INPUT DATA.

◆ ◆ ◆ ◆ ◆ ◆ ◆

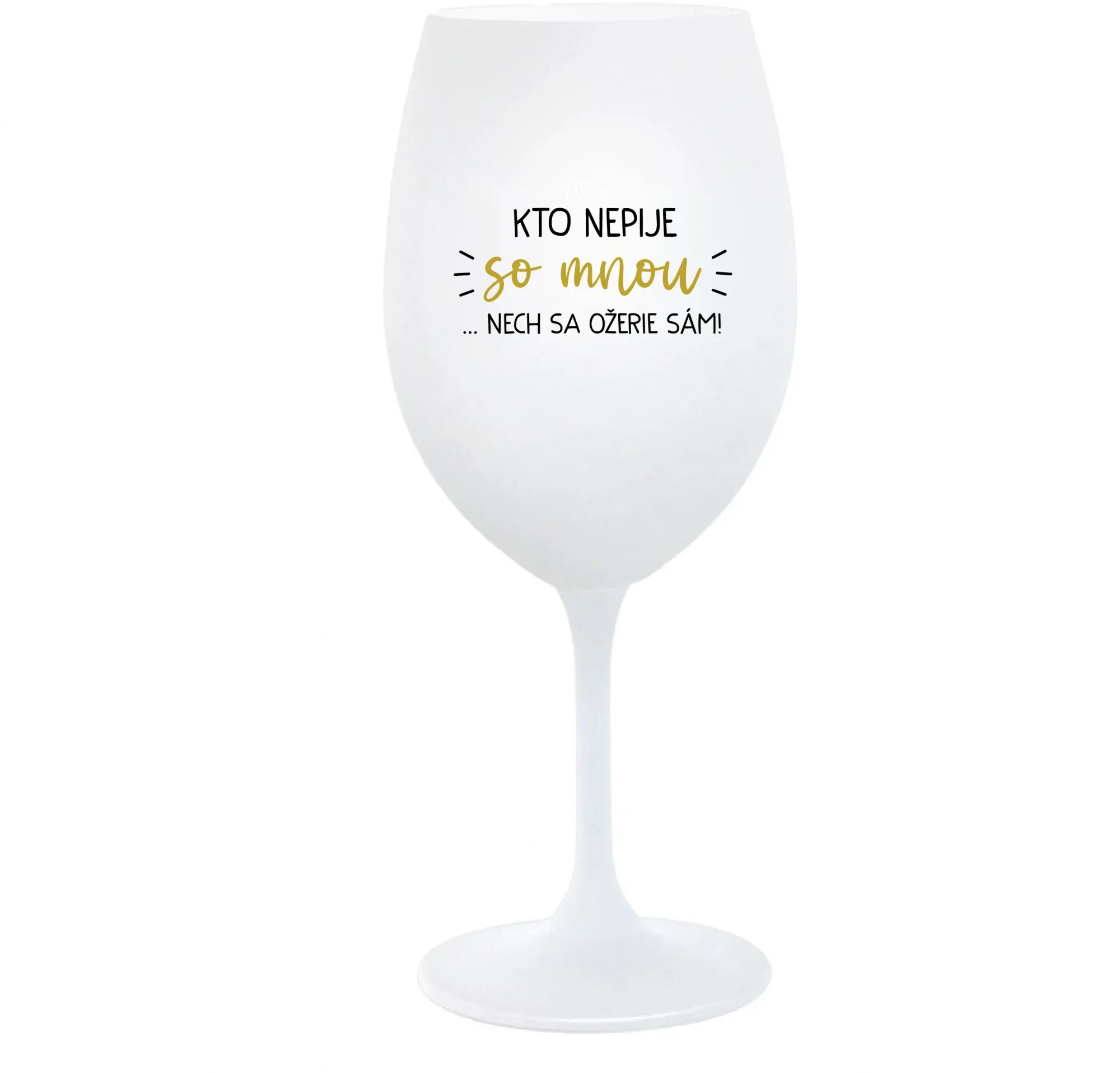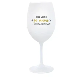 KTO NEPIJE SO MNOU...NECH SA OŽERIE SÁM! - biely pohár na víno 350 ml
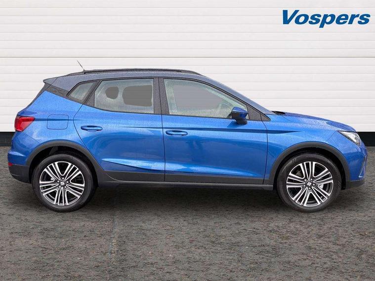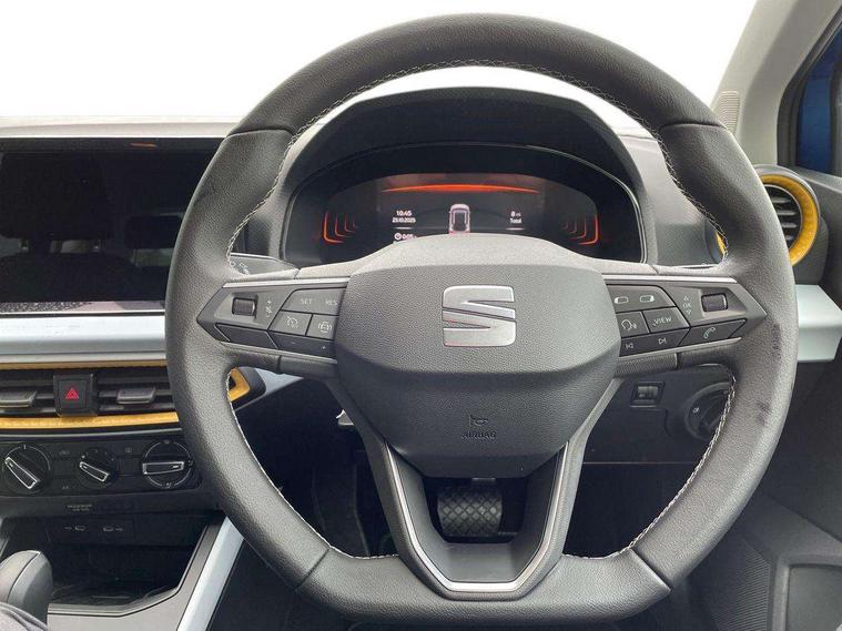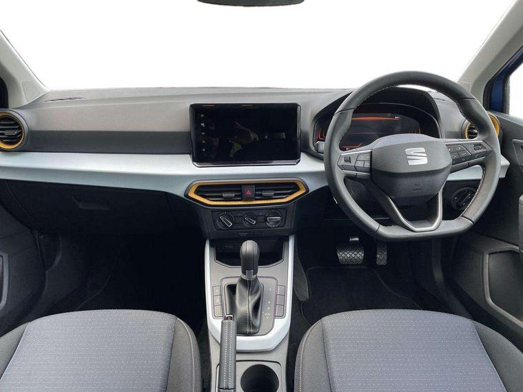 'Lights On' Reminder warning buzzer, 8" Digital cockpit, Cruise control and speed limiter, Digital clock, E-call, Electric speed sensitive power steering, Full link smartphone integration with mirror link, wireless apple carplay, Google android auto + USB Type C cable for apple and android devices, Lane keeping system, Low fuel warning light, Outside temperature display, RPM counter, Trip computer, Wireless phone charger, 9.2" colour touchscreen with navigation system, voice control and USB port (type c), Bluetooth interface for hands free and audio streaming, DAB digital radio and AM/FM radio, Steering wheel mounted audio controls, Anti theft roof antenna, Automatic activation of hazard warning lights, Black roof rails and window surrounds, Body coloured bumpers, Body coloured door handle inserts, Body coloured door mirrors, Dimming rear view mirror, ECO LED automatic headlights and LED daytime running lights, Electric adjustable door mirrors, Electric front/rear windows, Hidden exhaust pipe, LED rear tail lights and licence plate lights, Licence plate lights, Protective side mouldings, Rain sensing wipers, Rear fog lights, Rear side wing doors, Rear spoiler, Rear window wash/wipe, Third brake light, Visible VIN plate, 2 cupholders, 3 seat bench in 2nd row, 60/40 split folding rear seat, Air conditioning, Cloth upholstery, Double boot floor, Driver sunvisor with covered mirror + card holder, Dust/pollen filter, Gear shift indicator, Grey interior air vents, Grey interior roof, Height adjustable front seats, Height/reach adjustable steering column, Illuminated boot, Instrument lighting with brightness control, ISOFIX points in outer rear seats with top tether anchorage points, Leather steering wheel/gear knob/handbrake, Passenger sunvisor with vanity mirror, Potentiometer, Single front passenger seat, Two front and three rear height adjustable headrests, Interior chrome pack - Arona, Safe and driving pack (S) - Arona, 3 point seatbelts on all rear seats, ABS, Active front headrests, Child locks on rear doors, Driver and front passenger airbags with front passenger airbag de activation, front side and curtain airbags, Emergency Brake Assist (EBA) and front assist, Forward collision warning and autonomous emergency braking, Front and rear seatbelt reminder, Hill hold control, Multi-Collision braking, Tiredness recognition system, Traction control, Tyre pressure monitoring system, Deadlock, Electronic engine immobiliser, Locking wheel bolts, Remote central locking, Titan black dashboard, 17" Dynamic machined alloy wheels,
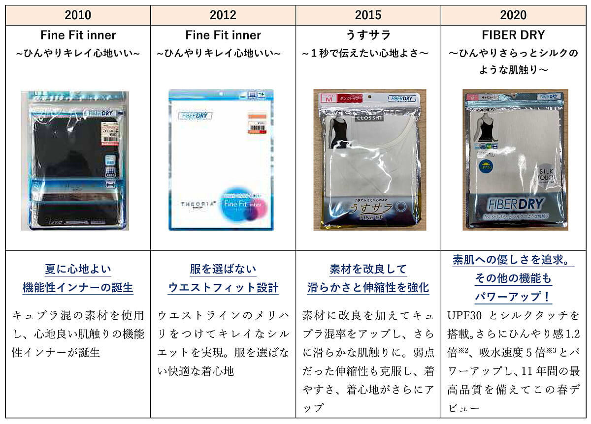 レナウンインクスが生産する機能性インナー「ファイバードライ」は、高温多湿の日本の夏の気候の中でファッションを快適に楽しむための肌着を目指して、しまむらと共同開発を行い2010年に発売開始しました。

◆ ◆ ◆ ◆ ◆ ◆ ◆

PROMPT. Set down the material exactly, every line of it, except for the pictures.

SOLUTION FOR THIS PROBLEM.
 KTO NEPIJE SO MNOU...NECH SA OŽERIE SÁM! - biely pohár na víno 350 ml
 'Lights On' Reminder warning buzzer, 8" Digital cockpit, Cruise control and speed limiter, Digital clock, E-call, Electric speed sensitive power steering, Full link smartphone integration with mirror link, wireless apple carplay, Google android auto + USB Type C cable for apple and android devices, Lane keeping system, Low fuel warning light, Outside temperature display, RPM counter, Trip computer, Wireless phone charger, 9.2" colour touchscreen with navigation system, voice control and USB port (type c), Bluetooth interface for hands free and audio streaming, DAB digital radio and AM/FM radio, Steering wheel mounted audio controls, Anti theft roof antenna, Automatic activation of hazard warning lights, Black roof rails and window surrounds, Body coloured bumpers, Body coloured door handle inserts, Body coloured door mirrors, Dimming rear view mirror, ECO LED automatic headlights and LED daytime running lights, Electric adjustable door mirrors, Electric front/rear windows, Hidden exhaust pipe, LED rear tail lights and licence plate lights, Licence plate lights, Protective side mouldings, Rain sensing wipers, Rear fog lights, Rear side wing doors, Rear spoiler, Rear window wash/wipe, Third brake light, Visible VIN plate, 2 cupholders, 3 seat bench in 2nd row, 60/40 split folding rear seat, Air conditioning, Cloth upholstery, Double boot floor, Driver sunvisor with covered mirror + card holder, Dust/pollen filter, Gear shift indicator, Grey interior air vents, Grey interior roof, Height adjustable front seats, Height/reach adjustable steering column, Illuminated boot, Instrument lighting with brightness control, ISOFIX points in outer rear seats with top tether anchorage points, Leather steering wheel/gear knob/handbrake, Passenger sunvisor with vanity mirror, Potentiometer, Single front passenger seat, Two front and three rear height adjustable headrests, Interior chrome pack - Arona, Safe and driving pack (S) - Arona, 3 point seatbelts on all rear seats, ABS, Active front headrests, Child locks on rear doors, Driver and front passenger airbags with front passenger airbag de activation, front side and curtain airbags, Emergency Brake Assist (EBA) and front assist, Forward collision warning and autonomous emergency braking, Front and rear seatbelt reminder, Hill hold control, Multi-Collision braking, Tiredness recognition system, Traction control, Tyre pressure monitoring system, Deadlock, Electronic engine immobiliser, Locking wheel bolts, Remote central locking, Titan black dashboard, 17" Dynamic machined alloy wheels,
 レナウンインクスが生産する機能性インナー「ファイバードライ」は、高温多湿の日本の夏の気候の中でファッションを快適に楽しむための肌着を目指して、しまむらと共同開発を行い2010年に発売開始しました。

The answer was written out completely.